Unlike the newly resurgent Festive Jumper Day which I had to look up yesterday. When did this become a thing? This is one of many completely unwanted, random and multiplying charity days when momentary altruism meets lifelong consumerism. It falls on Friday December 14, a day on which you are supposed to pay £1 to Save the Children for the privilege of wearing cheesy festive knitwear.

On this day, everyone pretends Shakin’ Stevens is still in the charts and we have travelled back to 1981. In reality, the return of the Festive Jumper craze justifies the existence of such phenomena as a horrible £695 Stella McCartney jumper with reindeers on (this really exists). See also, togetherness, in which we’re all in.

One unpulchritudinous expression that keeps popping up in end-of-year lists?

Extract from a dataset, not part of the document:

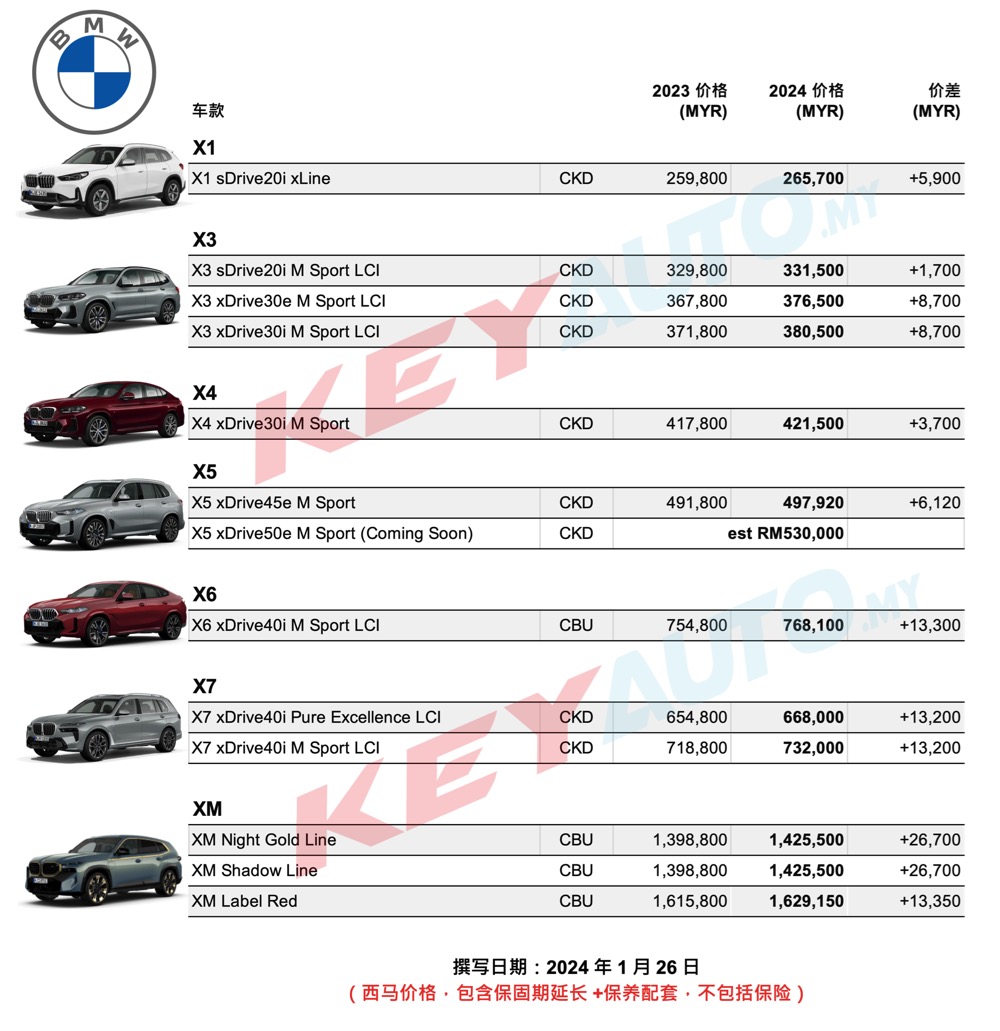 【官方】大马 BMW 2024 新价格表:涨幅高达 RM26,700!

Shit Awards. The constant, supposedly ironic celebration of all that is ugliest and most hideous in British society, see this week’s “Shit London Awards 2012.” Not a week passes by without the marking of some exciting new low. In reality? Nihilistic, self-loathing, These awards are all about a refusal to enjoy anything. See also, Festive Jumper Day.

A new UK entry for late 2012? Tax arrangements. These are nominally arrangements by which you pay tax. Now it turns out they are arrangements by which you arrange to not pay any tax. Generally, these long-term arrangements are followed by a re-arrangement where you announce that you’re now paying more tax than you ever expected to.

See also, coffee, synonym for “milk which once came into contact with a coffee bean”, or eggnog latte, synonym for “expensive Christmas drink”, see, again, togetherness, in which we’re all in.

If David Foster Wallace were alive, I think he would certainly find space for all these in his dictionary, alongside one of his own favourite words, feckless: “It lets you be extremely dismissive and mean without sounding mean.” Feckless. Hey! We have that in the Glossary of Nonsensical British Festive Recessional Language, too! Let’s utilise it! Oh.